Indonesia dan gambarnya disebarluaskan ke seluruh pelosok tanah air.

17 Oktober 1951

Presiden Soekarno dan Perdana Menteri Sukiman Wirjosandjojo menetapkan Peraturan


Pemeritah No. 66 Tahun 1951 tentang Lambang Negara.
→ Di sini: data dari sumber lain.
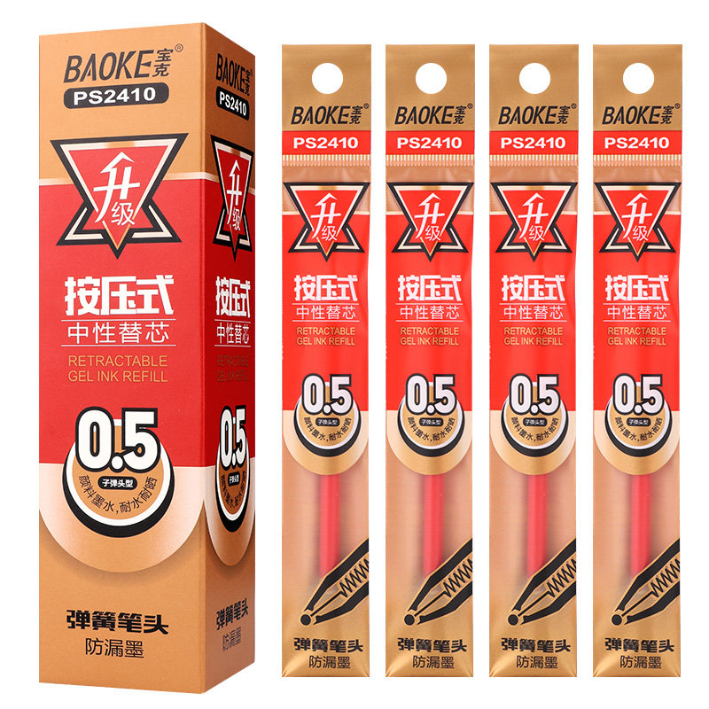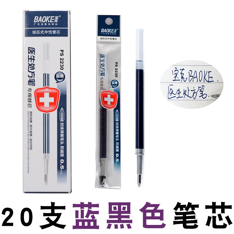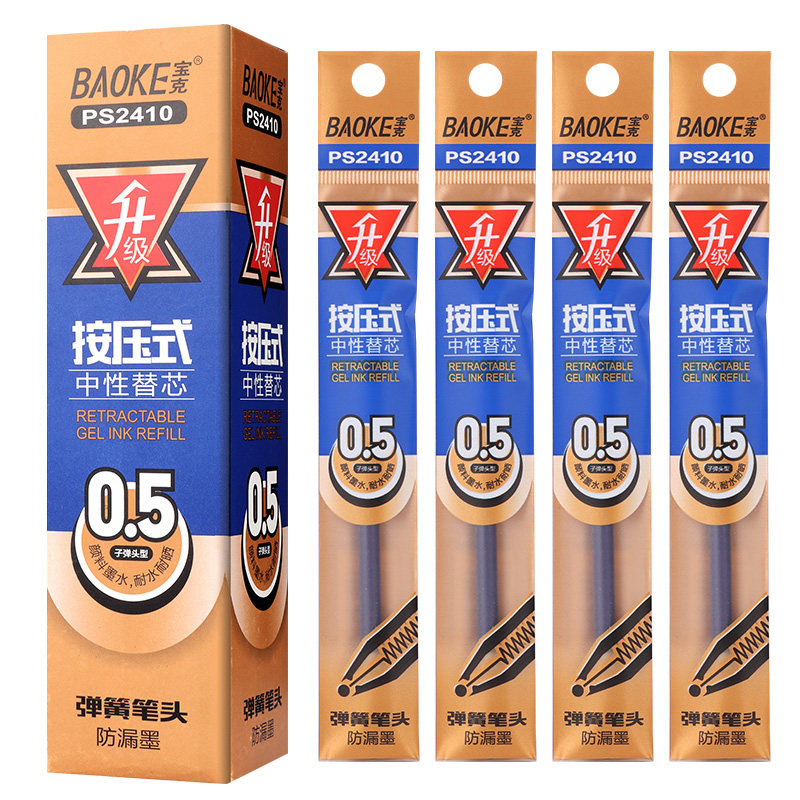宝克按动笔芯按压式中性0.5MM红墨蓝黑色水笔芯替芯子弹头替换学生弹簧商务办公芯处方2230兰2410医务护士用

Pada pasal 2, 3 ditetapkan bahwa
warna, perbandingan ukuran, dan bentuk lambang negara adalah seperti ditentukan dalam
pasal 6, yaitu seperti terlampir dalam Peraturan Pemerintah tersebut.

28 November 1951

PP No. 66 Tahun 1951 diundangkan oleh Menteri Kehakiman M Nasroen dalam


Lembaran Negara No. 111 dan penjelasannya dalam Tambahan Lembaran Negara No. 176
Tahun 1951

Sejak saat itu, secara yuridis formal gambar lambang negara rancangan Sultan Hamid II
seperti terlampir dalam PP No. 66 Tahun 1951 telah resmi menjadi lambang Negara
Kesatuan Republik Indonesia.

PP No. 66 tahun 1951 secara yuridis formal Garuda Pancasila resmi menjadi lambang
NKRI yang diundangkan oleh Menteri Kehakiman, M. Nasroen.